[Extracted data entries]
※
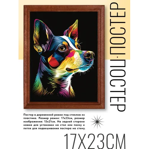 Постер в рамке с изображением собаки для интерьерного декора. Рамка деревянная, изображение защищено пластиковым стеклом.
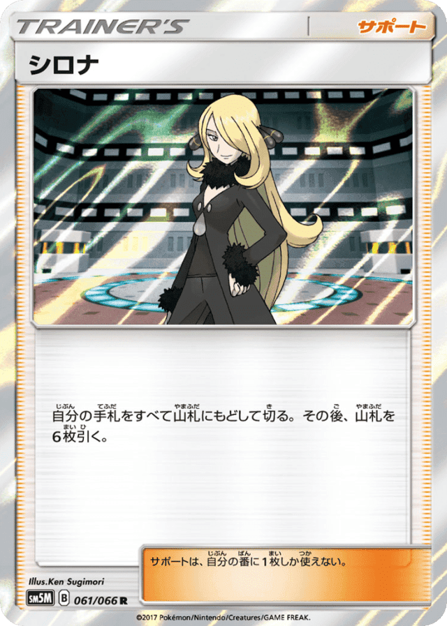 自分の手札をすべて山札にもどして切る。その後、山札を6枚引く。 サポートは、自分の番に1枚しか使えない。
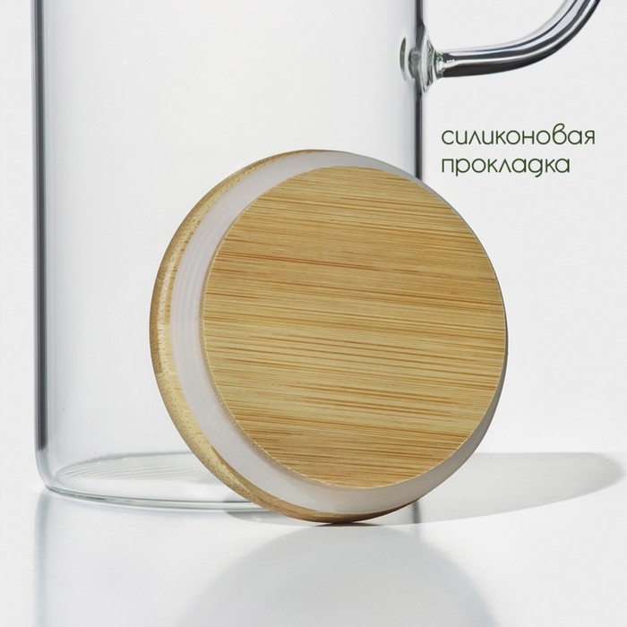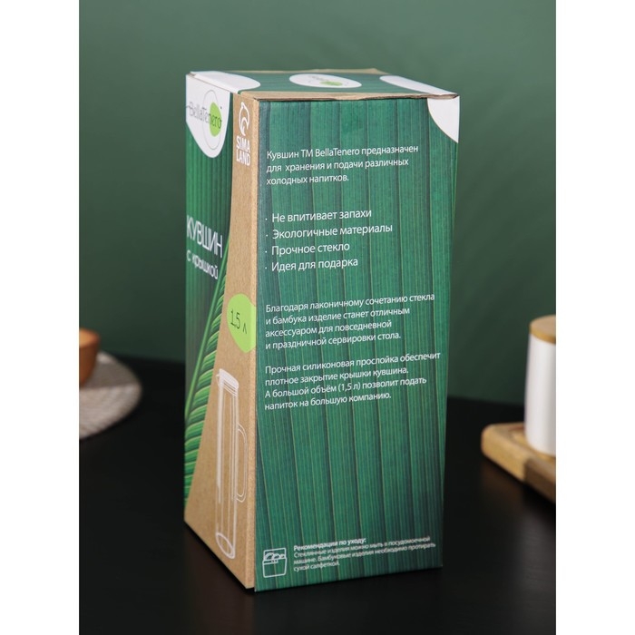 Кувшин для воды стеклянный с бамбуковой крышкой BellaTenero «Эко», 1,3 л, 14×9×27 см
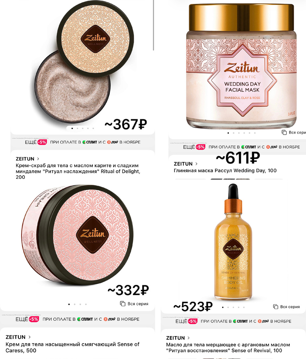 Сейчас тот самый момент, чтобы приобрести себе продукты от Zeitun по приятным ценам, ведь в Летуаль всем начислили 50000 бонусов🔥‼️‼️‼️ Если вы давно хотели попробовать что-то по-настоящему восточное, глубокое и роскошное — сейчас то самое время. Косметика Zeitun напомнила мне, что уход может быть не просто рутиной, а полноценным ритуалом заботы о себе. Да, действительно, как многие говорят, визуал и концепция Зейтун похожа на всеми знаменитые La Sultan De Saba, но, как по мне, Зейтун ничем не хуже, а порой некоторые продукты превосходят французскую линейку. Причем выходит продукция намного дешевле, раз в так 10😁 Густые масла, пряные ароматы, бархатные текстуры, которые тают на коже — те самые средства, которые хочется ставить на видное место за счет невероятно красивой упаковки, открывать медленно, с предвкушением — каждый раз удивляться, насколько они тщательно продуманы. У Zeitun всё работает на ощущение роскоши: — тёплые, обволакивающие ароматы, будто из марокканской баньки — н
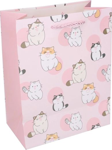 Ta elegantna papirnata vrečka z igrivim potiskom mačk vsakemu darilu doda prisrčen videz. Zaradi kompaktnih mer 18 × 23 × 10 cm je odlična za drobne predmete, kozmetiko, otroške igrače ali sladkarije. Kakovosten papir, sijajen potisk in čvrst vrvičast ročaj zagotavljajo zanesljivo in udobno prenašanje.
※
▶ **Your goal**
Give again, word for word, only the lines from the one with "Сейчас тот самый" through the last line of the entries, both included; no pictures go in the copy.

▶ **Task output**
 Сейчас тот самый момент, чтобы приобрести себе продукты от Zeitun по приятным ценам, ведь в Летуаль всем начислили 50000 бонусов🔥‼️‼️‼️ Если вы давно хотели попробовать что-то по-настоящему восточное, глубокое и роскошное — сейчас то самое время. Косметика Zeitun напомнила мне, что уход может быть не просто рутиной, а полноценным ритуалом заботы о себе. Да, действительно, как многие говорят, визуал и концепция Зейтун похожа на всеми знаменитые La Sultan De Saba, но, как по мне, Зейтун ничем не хуже, а порой некоторые продукты превосходят французскую линейку. Причем выходит продукция намного дешевле, раз в так 10😁 Густые масла, пряные ароматы, бархатные текстуры, которые тают на коже — те самые средства, которые хочется ставить на видное место за счет невероятно красивой упаковки, открывать медленно, с предвкушением — каждый раз удивляться, насколько они тщательно продуманы. У Zeitun всё работает на ощущение роскоши: — тёплые, обволакивающие ароматы, будто из марокканской баньки — н
 Ta elegantna papirnata vrečka z igrivim potiskom mačk vsakemu darilu doda prisrčen videz. Zaradi kompaktnih mer 18 × 23 × 10 cm je odlična za drobne predmete, kozmetiko, otroške igrače ali sladkarije. Kakovosten papir, sijajen potisk in čvrst vrvičast ročaj zagotavljajo zanesljivo in udobno prenašanje.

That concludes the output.